EventLog.writeEvent(EventLogTags.WATCHDOG, subject);

ArrayList<Integer> pids = new ArrayList<>();
pids.add(Process.myPid());
if (mPhonePid > 0) pids.add(mPhonePid);
// Pass !waitedHalf so that just in case we somehow wind up here without having
// dumped the halfway stacks, we properly re-initialize the trace file.
final File stack = ActivityManagerService.dumpStackTraces(
        !waitedHalf, pids, null, null, getInterestingNativePids());

// Give some extra time to make sure the stack traces get written.
// The system's been hanging for a minute, another second or two won't hurt much.
SystemClock.sleep(2000);

收集到的线程信息，会被输出到/data/anr/traces.txt文件中。

最后是WatchDog杀死SystemServer，这个比较简单，调用Process的killProcess方法实现。

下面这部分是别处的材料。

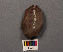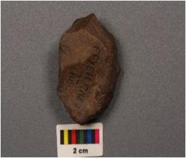 | Description / विवरण | A side scraper on side struck flake with irregular retouches on sides. |
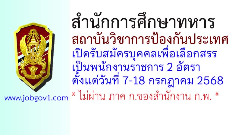 สำนักการศึกษาทหาร สถาบันวิชาการป้องกันประเทศ รับสมัครพนักงานราชการ 2 อัตรา ตั้งแต่วันที่ 7-18 กรกฎาคม 2568

Slog.w(TAG, "*** WATCHDOG KILLING SYSTEM PROCESS: " + subject);
WatchdogDiagnostics.diagnoseCheckers(blockedCheckers);
Slog.w(TAG, "*** GOODBYE!");
Process.killProcess(Process.myPid());
System.exit(10);

总结：WatchDog的核心就是检测死锁逻辑，开死循环线程检测所有线程是否阻塞住了，如果是就说明发生死锁了。

方案设计

设计线程死锁检测方案，主要考虑两个方面：检测逻辑和线程信息抓取。

检测逻辑
- 方案一
  
  这个与WatchDog类似，开个死循环线程检测其它线程的Looper是否阻塞住。这里的阻塞，包括消息队列阻塞和无法获取关键对象锁两种。
- 方案二
  
  死循环线程定时（比如5s）检查所有线程的状态，如果发现至少有两个线程处于BLOCKED状态的时间过长（比如3分钟），就认为有线程死锁了，这种方法对于ReentrantLock不适用，阻塞时获取到的线程状态为WAITING而不是BLOCKED。
  
  Java线程的六个状态说明参考：Java Thread States and Life Cycle
线程信息抓取

因为是在App内抓取，相对比AMS，可能会有权限问题。我们可以直接抓线程的堆栈信息，但这样不会带有哪个线程正在持有哪个锁这个信息，不利于我们分析定位问题，而根据《手Q Android线程死锁监控与自动化分析实践》这篇文章，它是把使用锁归类为三种，synchronized、wait/notify和ReentrantLock，然后前两种系统的/data/anr/traces.txt文件会有哪个线程持有哪个锁，哪个线程正在等待哪个锁这个信息，因此app只需要发送SIGQUIT信号给ANR进程触发生成traces.txt文件即可，而对于ReentrantLock，只能在代码里手动记录锁的线程使用信息。但这里看完有两个问题：
1. 有些手机没有权限读取/data/anr/traces.txt这个文件，或者这个文件名被叫成traces-xxx，怎么获取到这个名称？
  
  这个暂时找不到解决方法，读取不到的话只有线程堆栈信息了。
2. App怎么发送SIGQUIT信号给ANR进程？
  
  这个比较简单，android.os.Process有现成的接口：
```
Process.sendSignal(Process.myPid(), Process.SIGNAL_QUIT);
```
  当然如果只通过调用栈信息大部分情况下也是可以分析出死锁的原因的，这时就不需要谁持有锁这个信息了。